メタバースとは、物理的距離が離れていても、人々がともに創造し、探求することのできる仮想空間であり、友人や家族との何気ない時間、仕事、遊び、学び、買い物、創作活動などを楽しむことができる空間です。現在、FacebookやInstagramなどオンライン上で実現されているさまざまなソーシャル体験を掛け合わせたようなもので、時には3次元に拡張されたり、物理的な世界に投影されたり、仮想空間と現実をシームレスにつなぎ合わせ、あるものから別のものへと簡単に移動できるようにするもの、という説明ですとイメージできますでしょうか?

メタバースはモバイルインターネットの後継でもあると考えています。過去10年の間に、インターネットの世界は、デスクトップを中心とした世界からモバイルインターネットへと移行しました。Facebookも元々はPCのブラウザーベースでサービスの提供が始まりましたが、現在の利用は、スマホのアプリがほぼすべてといっても過言ではありません。そして、同じような変化として、次の10年で、モバイルインターネットからメタバースへ移行していくと捉えているのです。
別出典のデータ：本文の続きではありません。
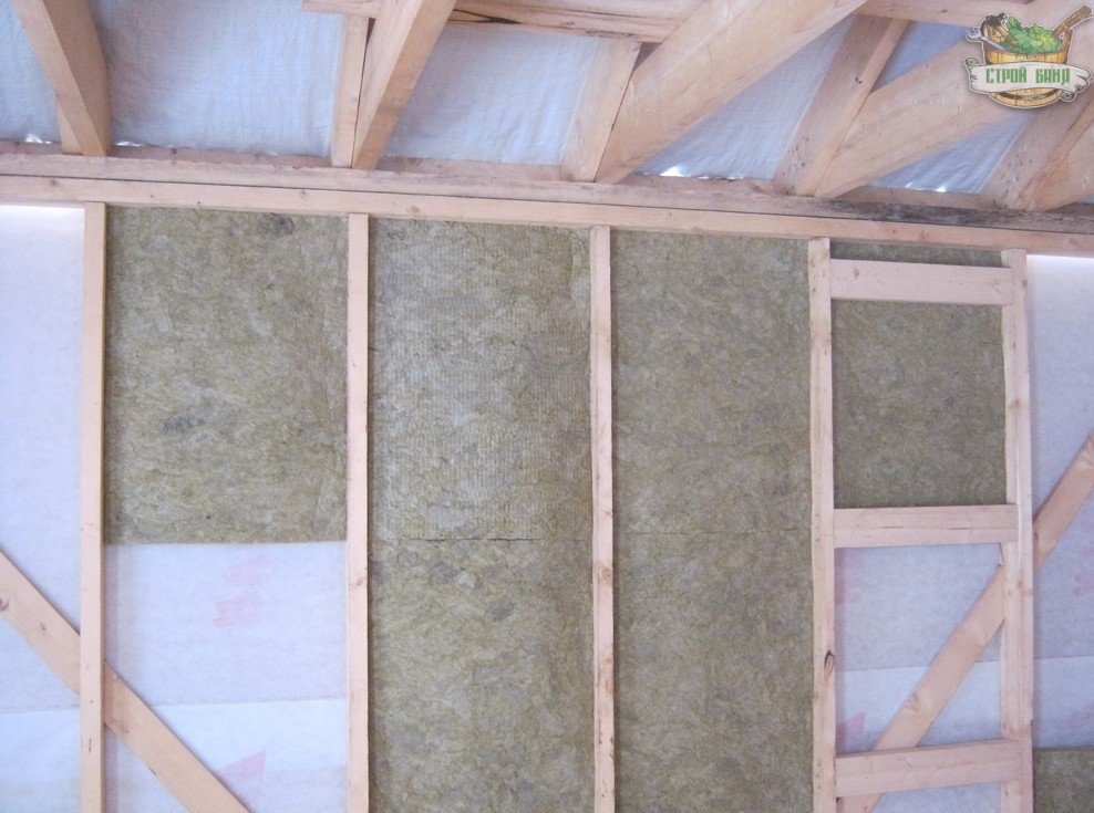 Сооружение потолка и крыши для каркасно-щитовой бани

また、「インターネット」が特定の企業や団体に属するものでないように、メタバースも当社のみで構築するものではありません。メタバースもオープンなものであり、様々な企業やクリエイター、開発者等が様々な形で協力しあいながら、実現していくことになるのだと思います。また、利用者にとって安全・安心な空間であることは大前提となるので、健全性や安全性、プライバシーなどを考慮し、政府やアカデミアの方々とも協力しあいながら、メタバースにおける問題や機会について、十分な検討を重ねていく必要もあると認識しています。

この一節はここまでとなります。